Data shown:
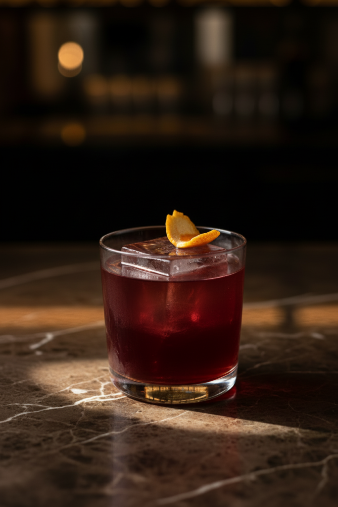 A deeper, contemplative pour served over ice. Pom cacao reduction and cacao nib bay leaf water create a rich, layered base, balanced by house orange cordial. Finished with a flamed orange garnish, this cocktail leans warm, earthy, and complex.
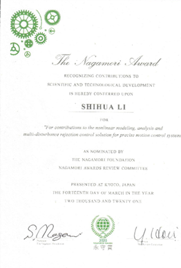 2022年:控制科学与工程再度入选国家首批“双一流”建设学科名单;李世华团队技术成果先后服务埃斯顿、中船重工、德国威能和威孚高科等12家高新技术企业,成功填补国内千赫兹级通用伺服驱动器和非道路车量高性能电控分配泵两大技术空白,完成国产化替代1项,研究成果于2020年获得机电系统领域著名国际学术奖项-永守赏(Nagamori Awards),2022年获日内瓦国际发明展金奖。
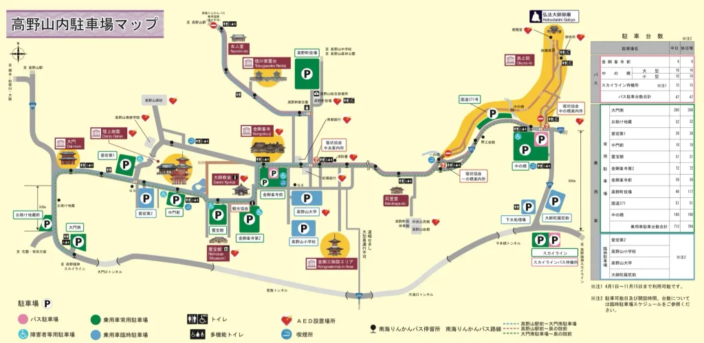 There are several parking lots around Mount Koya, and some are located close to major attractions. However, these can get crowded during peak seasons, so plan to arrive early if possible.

Task to carry out:
All of the data above must be printed exactly, minus its pictures.

Reply:
 A deeper, contemplative pour served over ice. Pom cacao reduction and cacao nib bay leaf water create a rich, layered base, balanced by house orange cordial. Finished with a flamed orange garnish, this cocktail leans warm, earthy, and complex.
 2022年:控制科学与工程再度入选国家首批“双一流”建设学科名单;李世华团队技术成果先后服务埃斯顿、中船重工、德国威能和威孚高科等12家高新技术企业,成功填补国内千赫兹级通用伺服驱动器和非道路车量高性能电控分配泵两大技术空白,完成国产化替代1项,研究成果于2020年获得机电系统领域著名国际学术奖项-永守赏(Nagamori Awards),2022年获日内瓦国际发明展金奖。
 There are several parking lots around Mount Koya, and some are located close to major attractions. However, these can get crowded during peak seasons, so plan to arrive early if possible.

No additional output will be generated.